ABOUT THIS TASK:
Below are records with pictures in them. Output exactly the lines from the one with "This saddle features" through the one with "For iPad Air", both included, and leave every picture out; give only those lines.

MATERIAL FOR THIS TASK:
═══

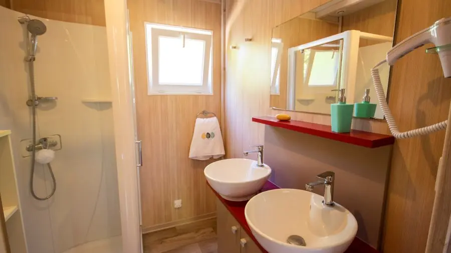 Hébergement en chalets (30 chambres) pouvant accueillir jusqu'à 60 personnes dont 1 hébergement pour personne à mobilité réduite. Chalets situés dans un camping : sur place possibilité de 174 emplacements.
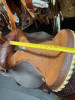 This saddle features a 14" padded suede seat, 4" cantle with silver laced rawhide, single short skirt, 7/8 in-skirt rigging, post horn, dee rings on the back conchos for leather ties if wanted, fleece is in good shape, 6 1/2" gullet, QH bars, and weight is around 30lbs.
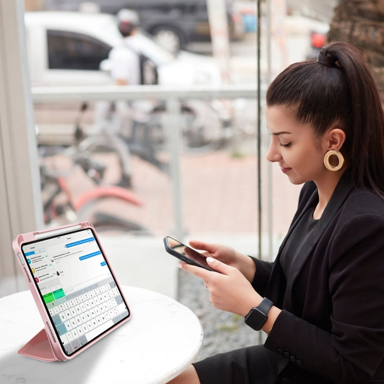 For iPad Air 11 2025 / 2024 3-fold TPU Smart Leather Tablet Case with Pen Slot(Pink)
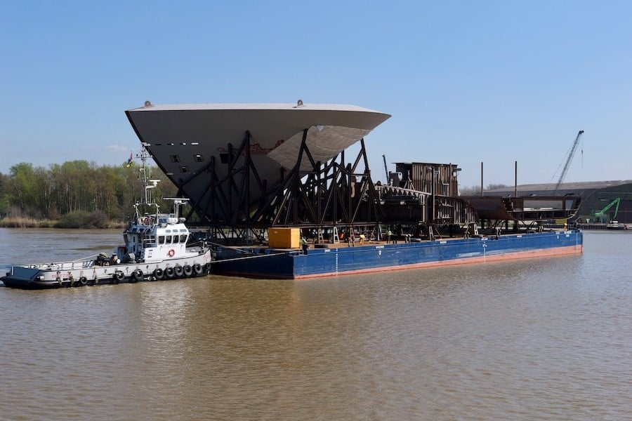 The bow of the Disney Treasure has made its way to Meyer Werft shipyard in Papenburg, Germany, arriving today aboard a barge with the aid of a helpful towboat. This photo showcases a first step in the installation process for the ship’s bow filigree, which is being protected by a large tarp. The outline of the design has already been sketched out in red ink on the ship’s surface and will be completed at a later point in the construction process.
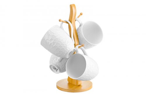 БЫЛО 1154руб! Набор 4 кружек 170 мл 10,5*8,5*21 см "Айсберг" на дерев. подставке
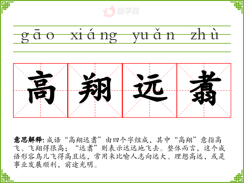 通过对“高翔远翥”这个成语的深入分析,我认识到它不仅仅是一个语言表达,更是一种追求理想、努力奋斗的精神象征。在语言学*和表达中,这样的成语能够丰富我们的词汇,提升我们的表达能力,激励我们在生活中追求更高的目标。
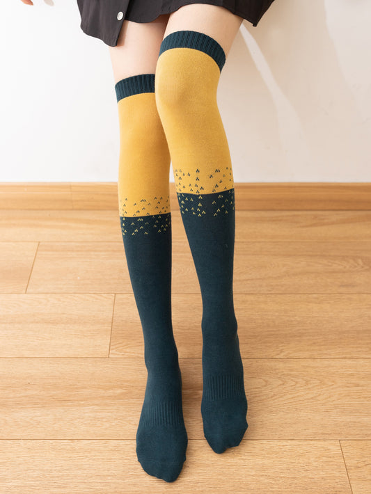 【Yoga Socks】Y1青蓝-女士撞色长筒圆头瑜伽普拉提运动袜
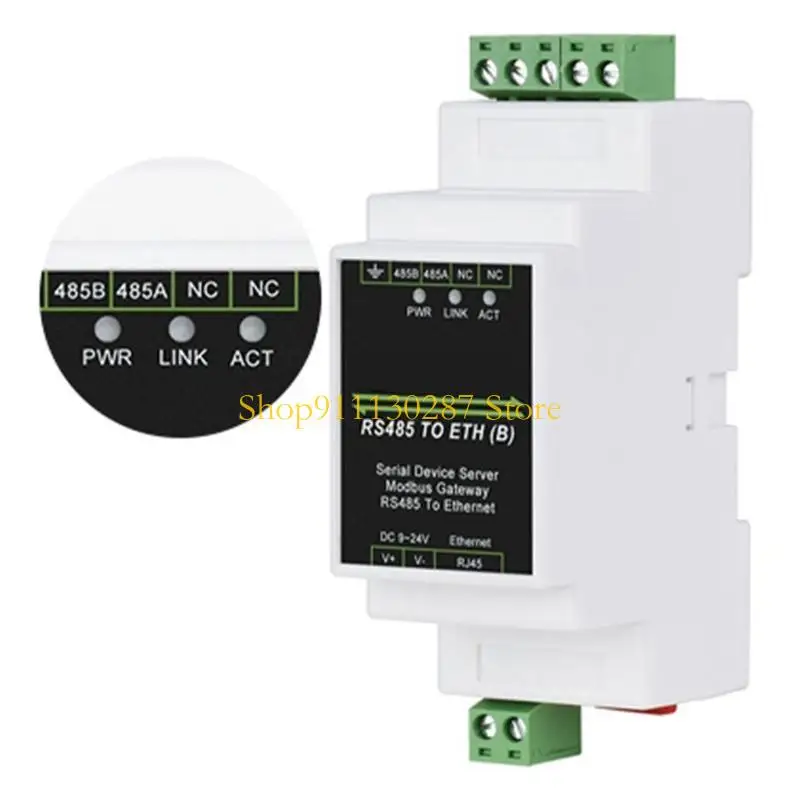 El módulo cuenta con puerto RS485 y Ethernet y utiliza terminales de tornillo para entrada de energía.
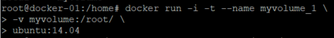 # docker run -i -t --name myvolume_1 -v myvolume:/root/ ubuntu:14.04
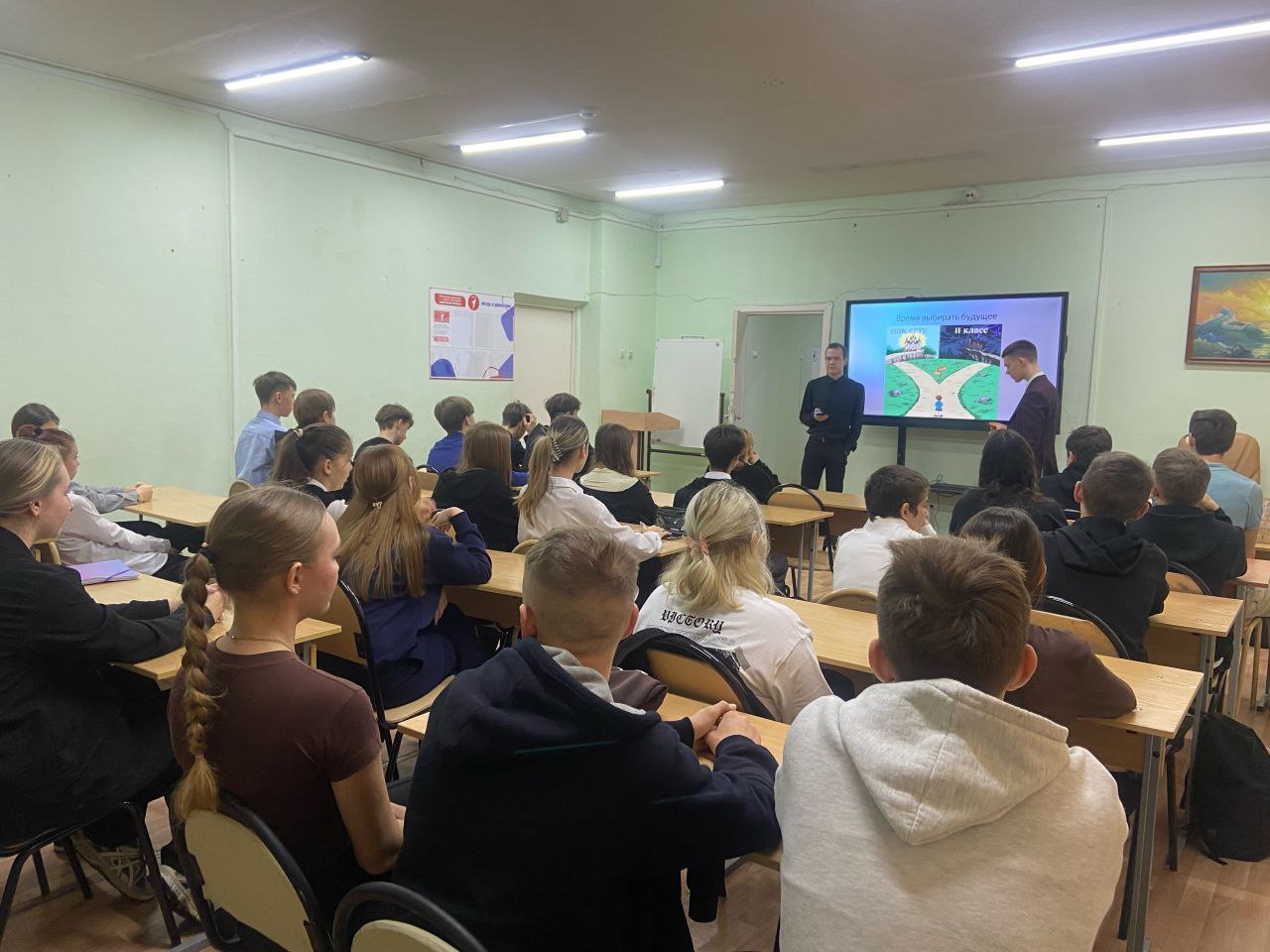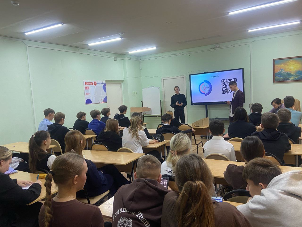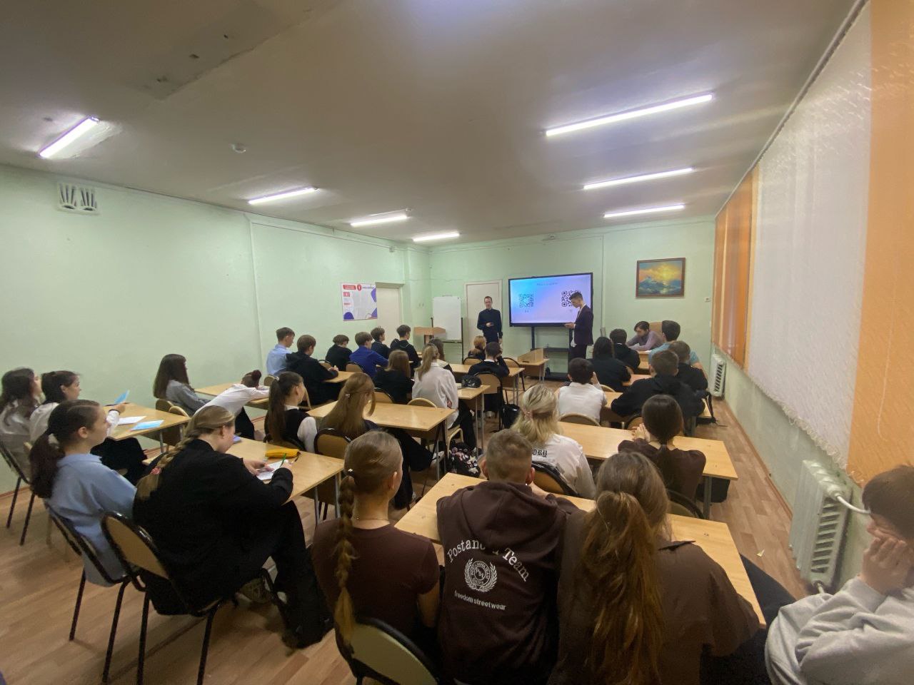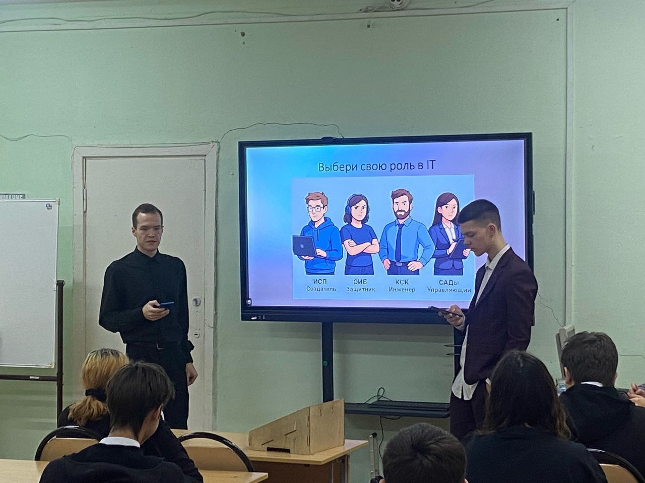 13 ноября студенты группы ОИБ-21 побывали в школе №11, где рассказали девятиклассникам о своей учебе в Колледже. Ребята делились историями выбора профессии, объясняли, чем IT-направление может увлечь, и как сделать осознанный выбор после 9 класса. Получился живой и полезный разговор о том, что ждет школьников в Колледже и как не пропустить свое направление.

═══

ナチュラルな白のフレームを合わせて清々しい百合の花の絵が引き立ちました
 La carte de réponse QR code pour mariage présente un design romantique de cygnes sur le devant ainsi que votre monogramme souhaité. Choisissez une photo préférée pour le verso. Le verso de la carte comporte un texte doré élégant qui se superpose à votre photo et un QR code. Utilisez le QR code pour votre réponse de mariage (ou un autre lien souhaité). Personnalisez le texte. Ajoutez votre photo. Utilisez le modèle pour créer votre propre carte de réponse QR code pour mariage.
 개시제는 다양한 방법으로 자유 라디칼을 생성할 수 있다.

═══

TASK ANSWER:
 This saddle features a 14" padded suede seat, 4" cantle with silver laced rawhide, single short skirt, 7/8 in-skirt rigging, post horn, dee rings on the back conchos for leather ties if wanted, fleece is in good shape, 6 1/2" gullet, QH bars, and weight is around 30lbs.
 For iPad Air 11 2025 / 2024 3-fold TPU Smart Leather Tablet Case with Pen Slot(Pink)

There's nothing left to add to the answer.